● **Record set**:
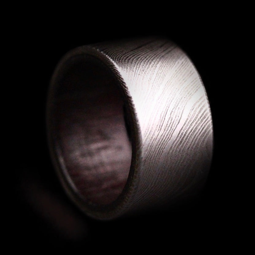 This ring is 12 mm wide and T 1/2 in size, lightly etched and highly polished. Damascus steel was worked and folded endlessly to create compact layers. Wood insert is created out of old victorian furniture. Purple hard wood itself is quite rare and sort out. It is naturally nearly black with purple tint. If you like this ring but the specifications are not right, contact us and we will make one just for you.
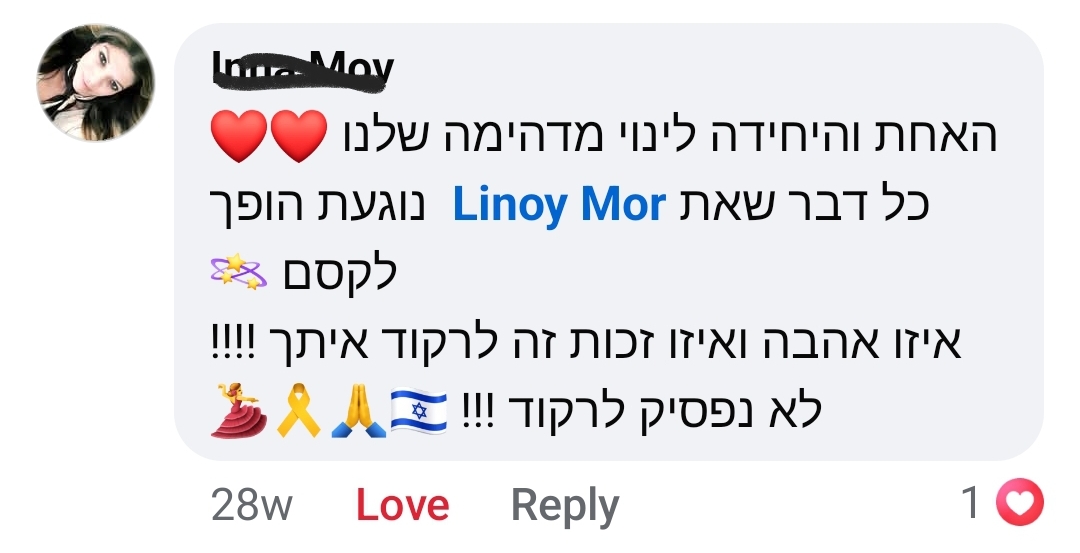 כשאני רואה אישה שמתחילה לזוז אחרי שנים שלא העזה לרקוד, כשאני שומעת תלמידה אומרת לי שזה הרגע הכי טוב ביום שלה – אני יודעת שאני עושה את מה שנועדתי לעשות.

* * *

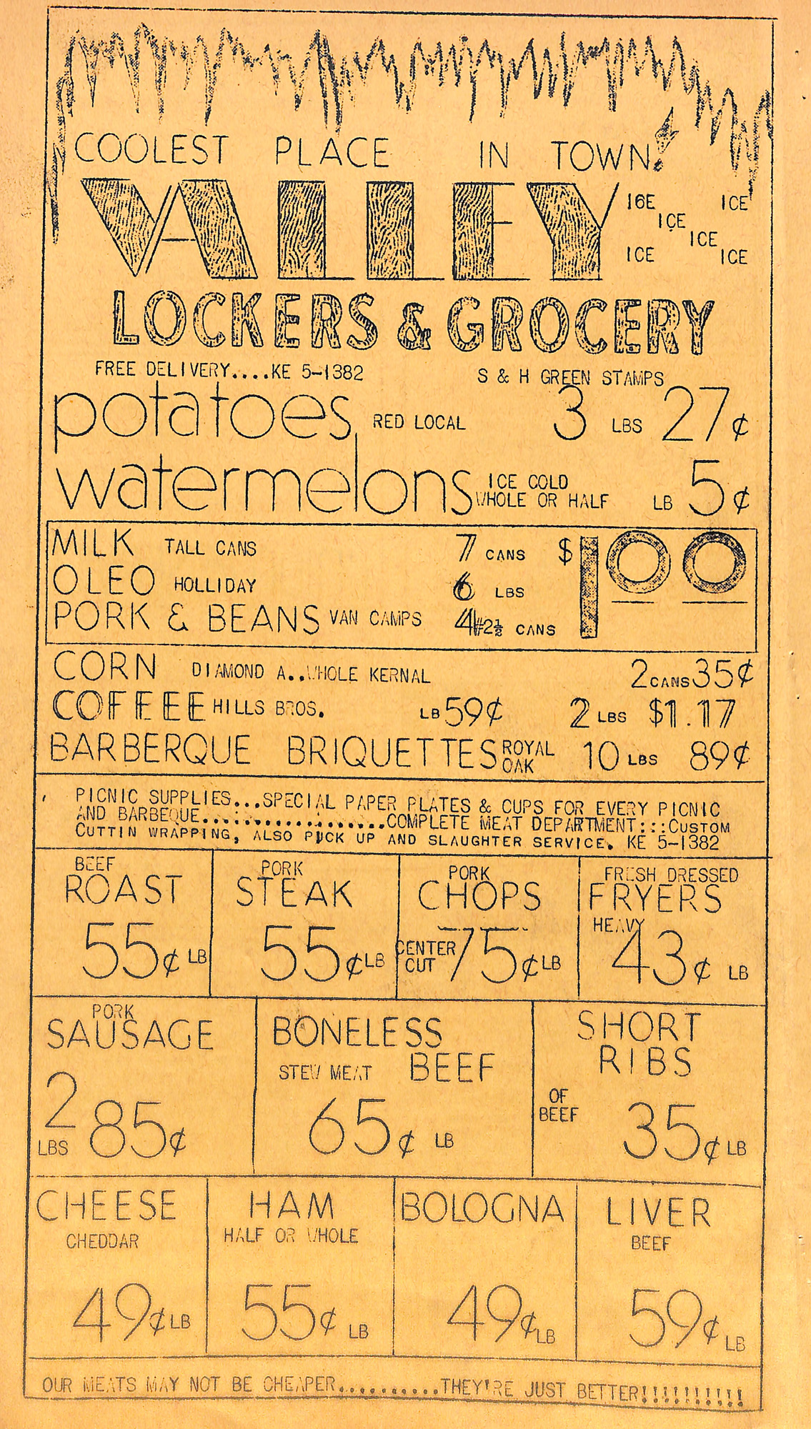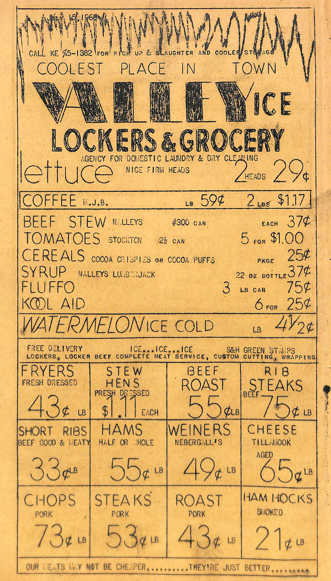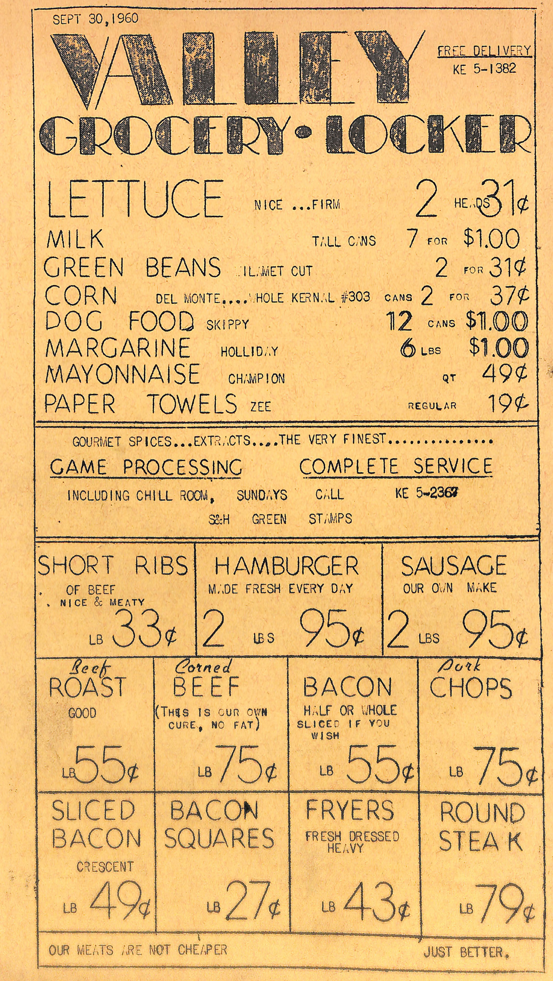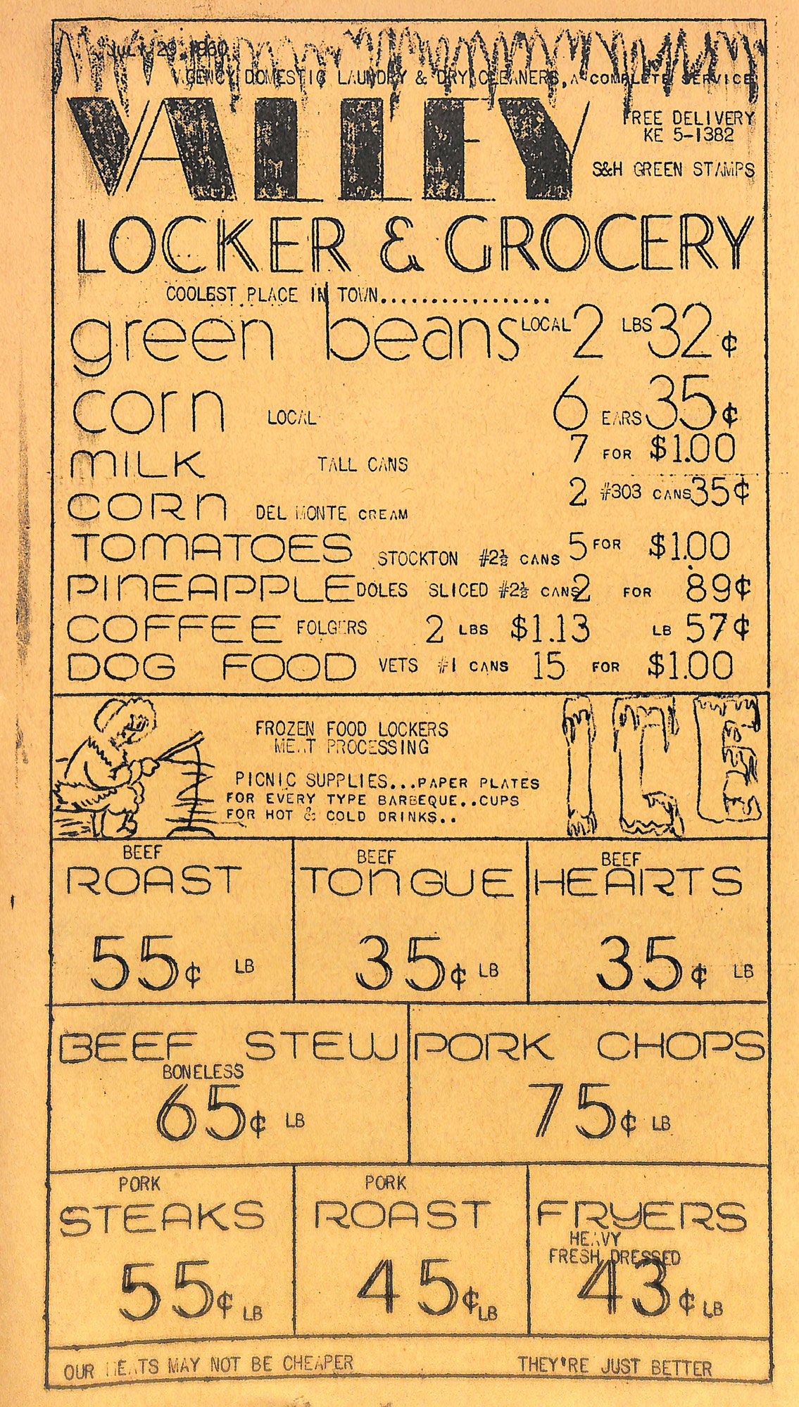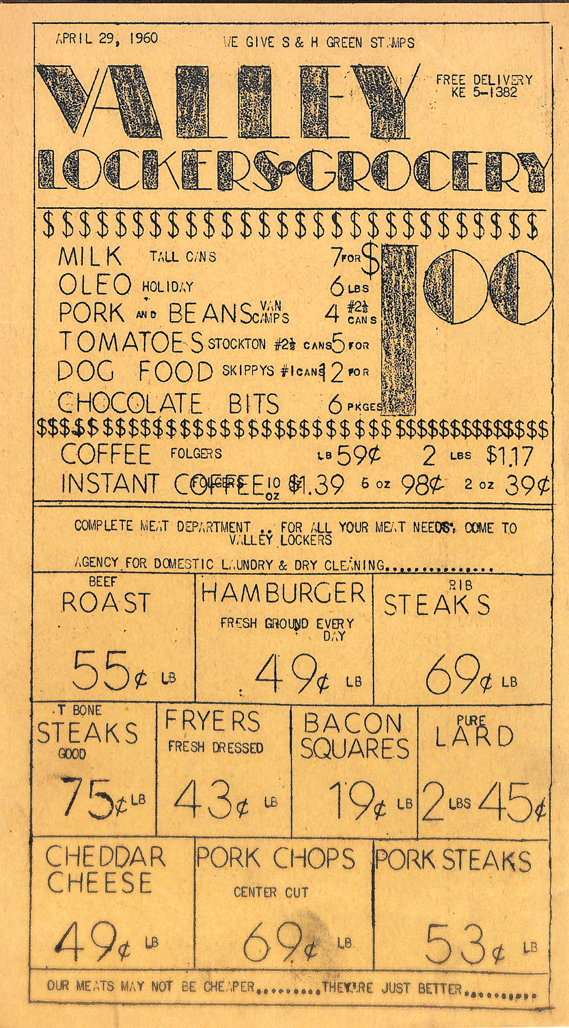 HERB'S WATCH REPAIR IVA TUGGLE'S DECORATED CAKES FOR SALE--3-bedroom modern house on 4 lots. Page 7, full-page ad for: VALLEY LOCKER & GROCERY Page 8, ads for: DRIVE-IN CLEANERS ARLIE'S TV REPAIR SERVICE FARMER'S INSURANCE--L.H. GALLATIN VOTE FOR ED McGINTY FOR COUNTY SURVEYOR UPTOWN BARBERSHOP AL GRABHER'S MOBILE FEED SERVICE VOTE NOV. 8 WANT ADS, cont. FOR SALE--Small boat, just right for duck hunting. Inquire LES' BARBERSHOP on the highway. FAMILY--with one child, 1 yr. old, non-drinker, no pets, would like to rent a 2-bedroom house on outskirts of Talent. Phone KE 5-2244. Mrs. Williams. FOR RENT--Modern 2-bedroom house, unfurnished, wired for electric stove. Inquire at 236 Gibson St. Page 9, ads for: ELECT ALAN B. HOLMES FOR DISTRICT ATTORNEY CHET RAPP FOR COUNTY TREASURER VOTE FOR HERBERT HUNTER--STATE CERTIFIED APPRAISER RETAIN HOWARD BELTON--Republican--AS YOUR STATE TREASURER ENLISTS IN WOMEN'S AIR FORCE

--

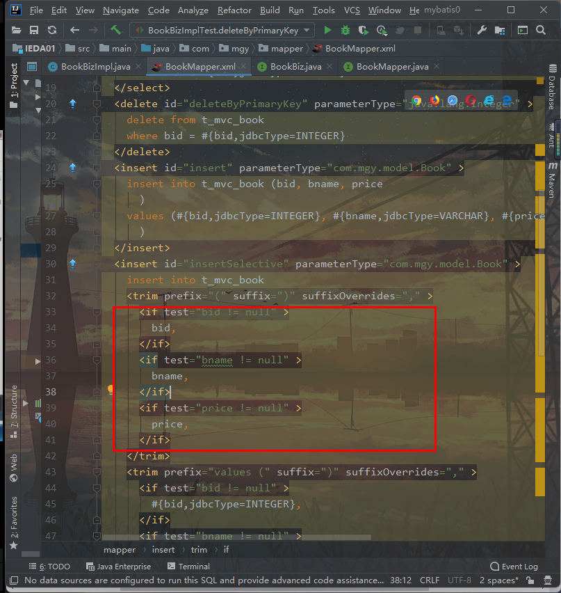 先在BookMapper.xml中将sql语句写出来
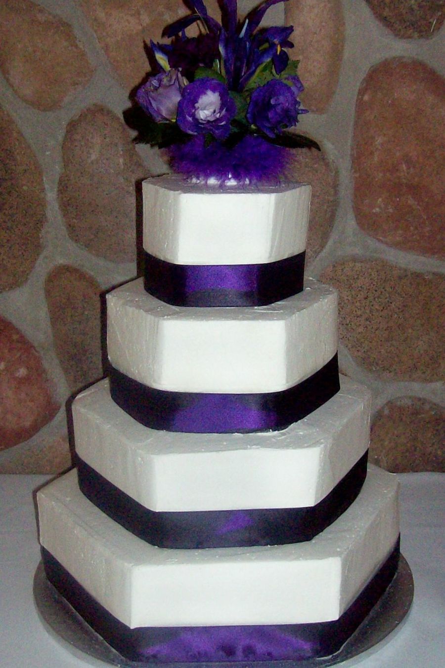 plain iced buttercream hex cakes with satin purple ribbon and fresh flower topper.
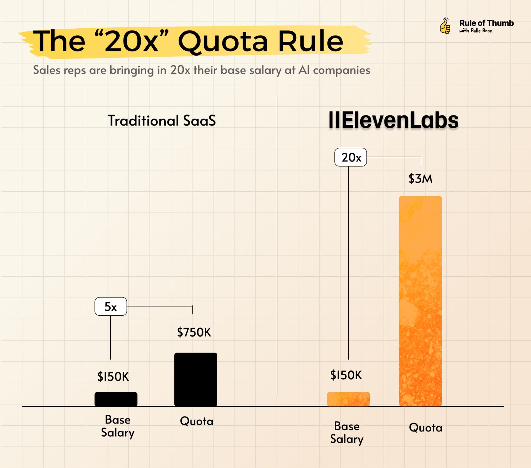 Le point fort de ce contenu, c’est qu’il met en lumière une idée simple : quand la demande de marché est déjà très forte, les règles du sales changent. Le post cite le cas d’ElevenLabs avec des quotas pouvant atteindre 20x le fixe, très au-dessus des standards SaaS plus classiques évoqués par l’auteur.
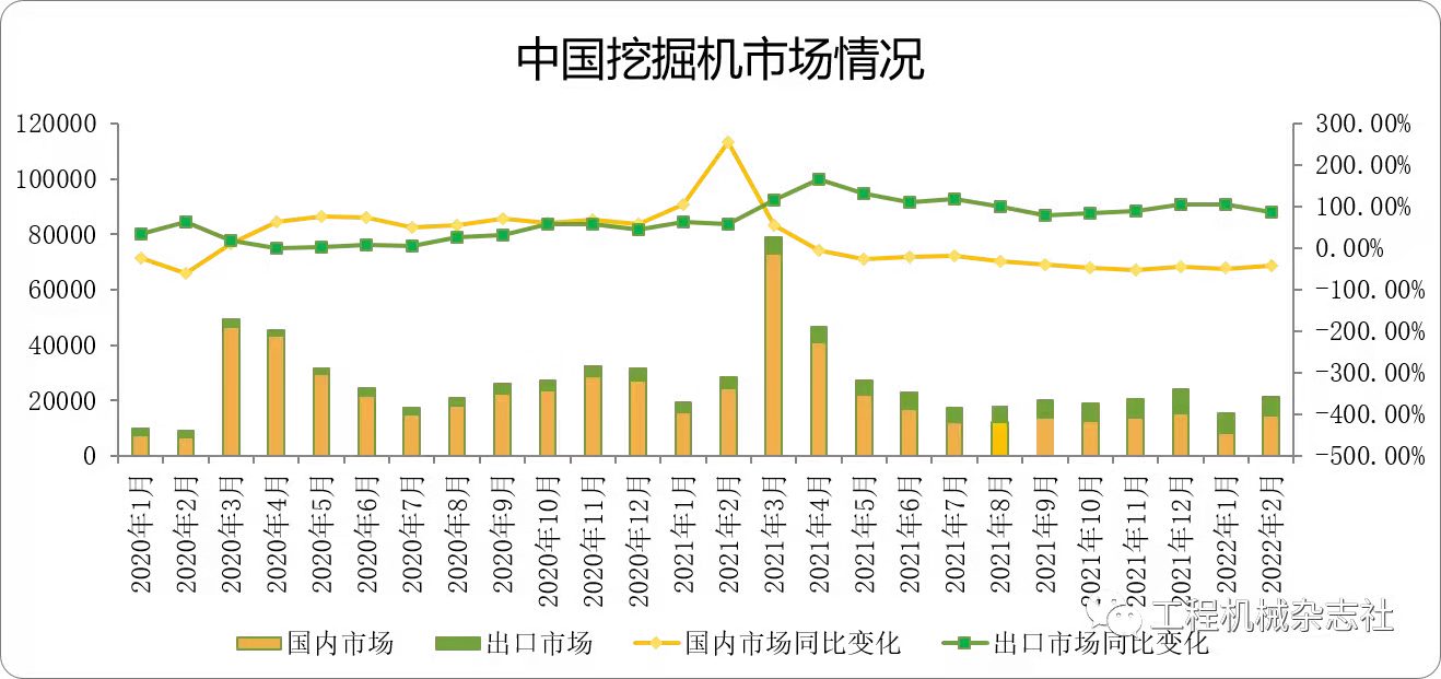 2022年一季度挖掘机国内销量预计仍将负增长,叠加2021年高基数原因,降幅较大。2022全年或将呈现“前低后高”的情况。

● **Brief**: Reproduce exactly the lines above starting at the line containing "This ring is" and ending at the line containing "כשאני רואה אישה", including both, but not the pictures.

● **Your response**:
 This ring is 12 mm wide and T 1/2 in size, lightly etched and highly polished. Damascus steel was worked and folded endlessly to create compact layers. Wood insert is created out of old victorian furniture. Purple hard wood itself is quite rare and sort out. It is naturally nearly black with purple tint. If you like this ring but the specifications are not right, contact us and we will make one just for you.
 כשאני רואה אישה שמתחילה לזוז אחרי שנים שלא העזה לרקוד, כשאני שומעת תלמידה אומרת לי שזה הרגע הכי טוב ביום שלה – אני יודעת שאני עושה את מה שנועדתי לעשות.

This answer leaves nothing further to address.